Watching West wage war on two fronts against overwhelming numbers of good and bad cops as well as hordes of trigger-happy hoodlums makes “Black and Blue” an edge-of-the-seat experience in suspense and tension.

As “Black and Blue” unfolds, Alicia West is jogging through a suburban New Orleans neighborhood dressed in a hoodie and sweat pants when suspicious cops roust her.  They are surprised as much as she is about their treatment of her.

Although it doesn’t qualify as an auspicious start for West, this incident ignites the suspense and tension that galvanizes this female spin on Antoine Fuqua’s “Training Day” (2001).  West’s racial identity and wardrobe typecast her as a suspect in the eyes of these two, middle-aged, Caucasian cops.

Later, at the police precinct, West suits up with her gray-around-the-jowls, thirtysomething, white partner, Kevin (Reid Scott of “Venom”), who plasters his locker with family photos.  Kevin briefs Alicia about their beat in the infamous Ninth Ward, one of the more unsavory in the hurricane ravaged remnants of New Orleans.

According to Kevin, the police don’t enter certain vicinities unless they are accompanying a Special Response Team to rescue one of their own. Kevin stops at a grocery store for coffee and snacks, while Alicia chats with an African American youth fooling around with his cell phone.

When she tries to strike up a friendly conversation, the lad assures her the phone isn’t stolen.  As she tries to minimize his fears, his aggressive mom, Missy (Nafessa Williams of “Brotherly Love”), warns Alicia to leave her son alone.

Alicia realizes that little about being a cop in the ‘Big Easy’ isn’t ‘peasy.’ Meantime, Kevin and she are amenable because each treats the other with respect.  He babbles about his family and his upcoming date night with his wife.  After they return to the precinct, Kevin rhapsodizes about his date night plans.

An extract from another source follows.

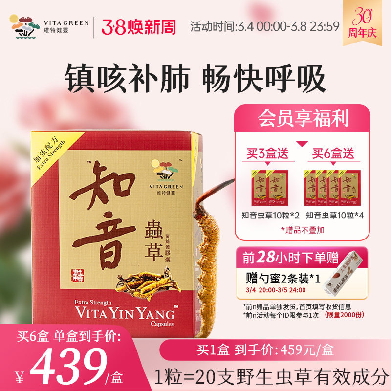 维特健灵知音虫草肺清胶囊营养品冬虫草调节免疫补品官方正品3盒

Suddenly, he learns he must pull a double shift.  Instead, Alicia volunteers to take the extra shift.  If the first cops she encountered on her jog were surly, the cop she is stuck with is definitely hostile.  During their patrol, Officer Deacon Brown (James Moses Black of “Logan”) takes a personal phone call and drives to an abandoned factory building.

Ordering Alicia to stay in the car, Brown checks in with a confidential informant.  Impatiently, our naive heroine enters the factory and witnesses a dispute between Malone and a black drug dealer that turns into cold-blooded murder.  Malone and his accomplices are just as flabbergasted by her sudden appearance.  Since she is wearing a body cam, Alicia has recorded video of the murder.

One of Malone’s dirty cops wastes no time pumping Alicia full of lead.  The hail of bullets catapults her backwards, and the impact propels her body through rotten floorboards so she plunges from the second floor into a pile of debris.

Alicia’s body armor protects against the bullets, but she loses her pistol.  Frantically, she escapes while Malone and company search for her.  Malone wastes no time framing Alicia for the murder of the drug dealer and then telling the kingpin drug dealer, Darius (Mike Colter of Netflix’s “Luke Cage”), that she shot his nephew!

Most of this synopsis occurs in the “Black and Blue” trailers.  Alicia becomes the object of a widespread manhunt to retrieve her body cam and permanently silence her.  Desperate, alone, and wounded, our beleaguered heroine contemplates few available options.

Comparably, Alicia’s plight recalls Ethan Hawke’s dilemma with Denzel Washington’s dirty cop in “Training Day,” but Alicia isn’t as fortuitous as Ethan Hawke’s character.  She finds herself trapped between a rock and a hard place.  Nobody wants to help her, until Milo ‘Mouse’ Jackson, (Tyrese Gibson of “Four Brothers”) reluctantly steps up.

As a wary, low-key kind of guy, Tyrese Gibson gives a surprising but rewarding performance.  Meantime, the villainous Malone has done a painstaking job of convincing everybody, including a doubtful Captain Regina Hackett (Deneen Tyler of “Logan Lucky”), that Alicia is homicidal.   A tense, fingernail-gnawing thriller, “Black and Blue” resorts to outlandish antics before its volatile finale.